* _THE RECORDS_:
......
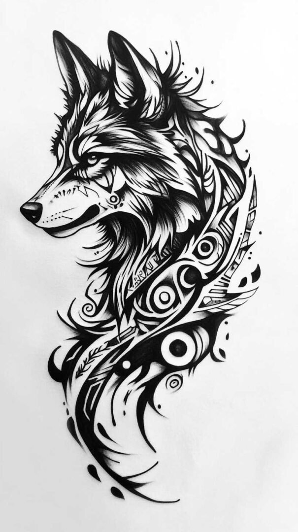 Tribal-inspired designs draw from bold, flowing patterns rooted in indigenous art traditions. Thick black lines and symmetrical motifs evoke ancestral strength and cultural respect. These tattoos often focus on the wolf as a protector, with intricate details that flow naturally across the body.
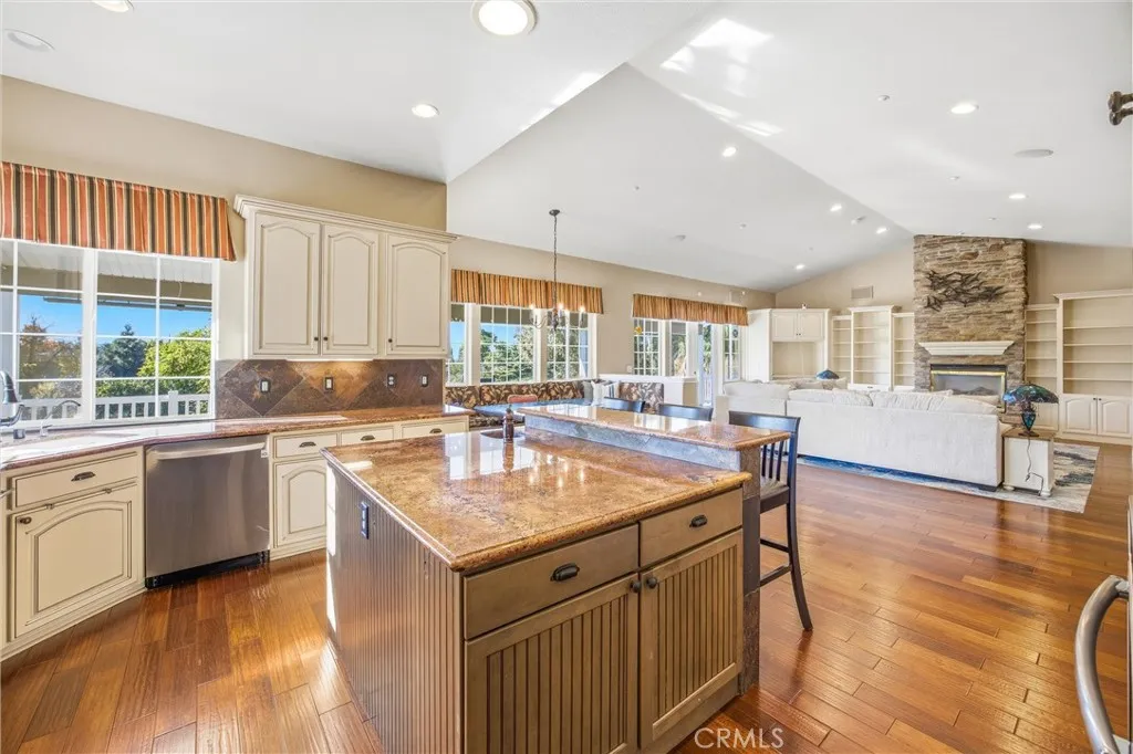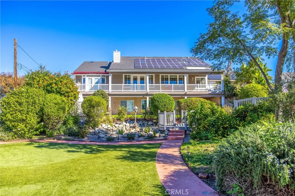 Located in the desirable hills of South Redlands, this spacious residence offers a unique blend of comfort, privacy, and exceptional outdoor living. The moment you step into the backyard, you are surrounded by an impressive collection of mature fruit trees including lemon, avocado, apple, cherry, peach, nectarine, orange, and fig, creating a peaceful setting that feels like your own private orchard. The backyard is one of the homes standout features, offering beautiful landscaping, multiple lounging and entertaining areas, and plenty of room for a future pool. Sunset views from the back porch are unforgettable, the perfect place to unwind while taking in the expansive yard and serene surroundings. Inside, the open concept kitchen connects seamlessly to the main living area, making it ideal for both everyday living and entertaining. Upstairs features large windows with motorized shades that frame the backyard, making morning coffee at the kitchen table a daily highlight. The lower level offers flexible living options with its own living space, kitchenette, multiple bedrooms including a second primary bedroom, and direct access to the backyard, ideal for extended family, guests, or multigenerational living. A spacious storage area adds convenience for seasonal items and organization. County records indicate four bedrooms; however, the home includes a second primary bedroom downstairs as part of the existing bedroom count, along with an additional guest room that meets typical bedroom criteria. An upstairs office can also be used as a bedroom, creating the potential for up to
......
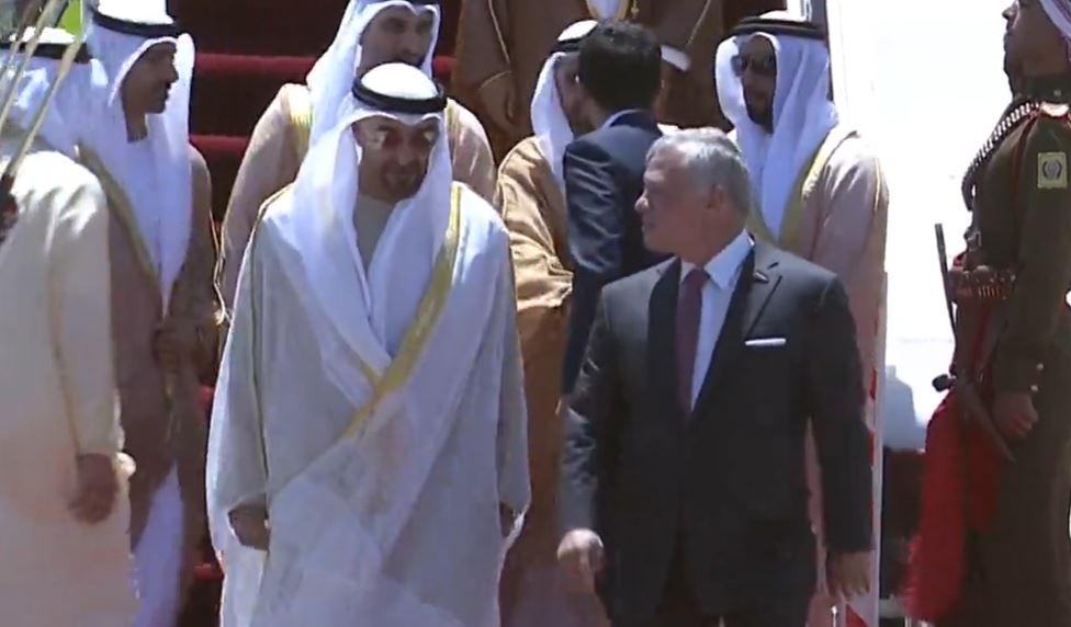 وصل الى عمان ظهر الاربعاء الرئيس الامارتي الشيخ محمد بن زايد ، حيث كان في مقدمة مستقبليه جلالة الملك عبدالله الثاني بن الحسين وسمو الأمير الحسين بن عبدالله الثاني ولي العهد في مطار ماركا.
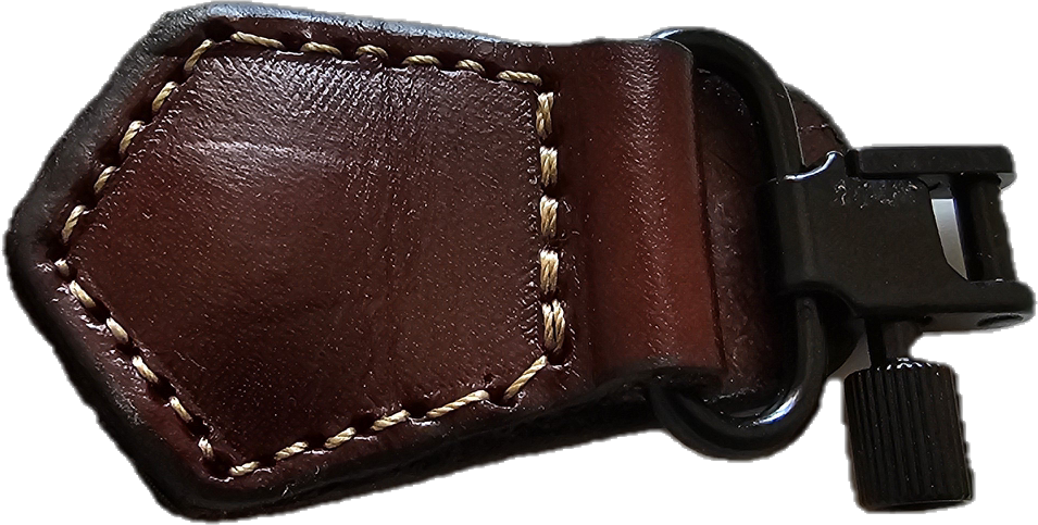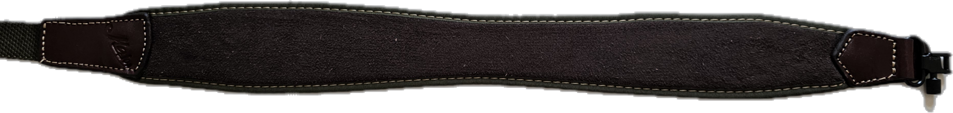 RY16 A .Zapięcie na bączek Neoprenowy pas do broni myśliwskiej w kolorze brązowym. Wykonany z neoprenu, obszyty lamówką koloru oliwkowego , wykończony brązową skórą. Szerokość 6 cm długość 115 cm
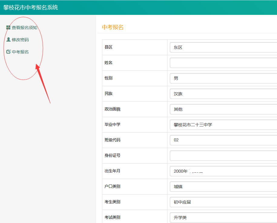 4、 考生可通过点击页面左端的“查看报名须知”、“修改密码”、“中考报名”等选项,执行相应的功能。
......
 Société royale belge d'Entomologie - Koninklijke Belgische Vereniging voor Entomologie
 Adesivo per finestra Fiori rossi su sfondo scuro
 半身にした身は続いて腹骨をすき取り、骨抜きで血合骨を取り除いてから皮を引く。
......
* _EXERCISE DESCRIPTION_: What lines above run from the one with "وصل الى عمان" to the one with "4、 考生可通过点击页面左端"? Give them again exactly, ends included, and leave the pictures out.

* _OUTPUT BELOW_:
 وصل الى عمان ظهر الاربعاء الرئيس الامارتي الشيخ محمد بن زايد ، حيث كان في مقدمة مستقبليه جلالة الملك عبدالله الثاني بن الحسين وسمو الأمير الحسين بن عبدالله الثاني ولي العهد في مطار ماركا.
 RY16 A .Zapięcie na bączek Neoprenowy pas do broni myśliwskiej w kolorze brązowym. Wykonany z neoprenu, obszyty lamówką koloru oliwkowego , wykończony brązową skórą. Szerokość 6 cm długość 115 cm
 4、 考生可通过点击页面左端的“查看报名须知”、“修改密码”、“中考报名”等选项,执行相应的功能。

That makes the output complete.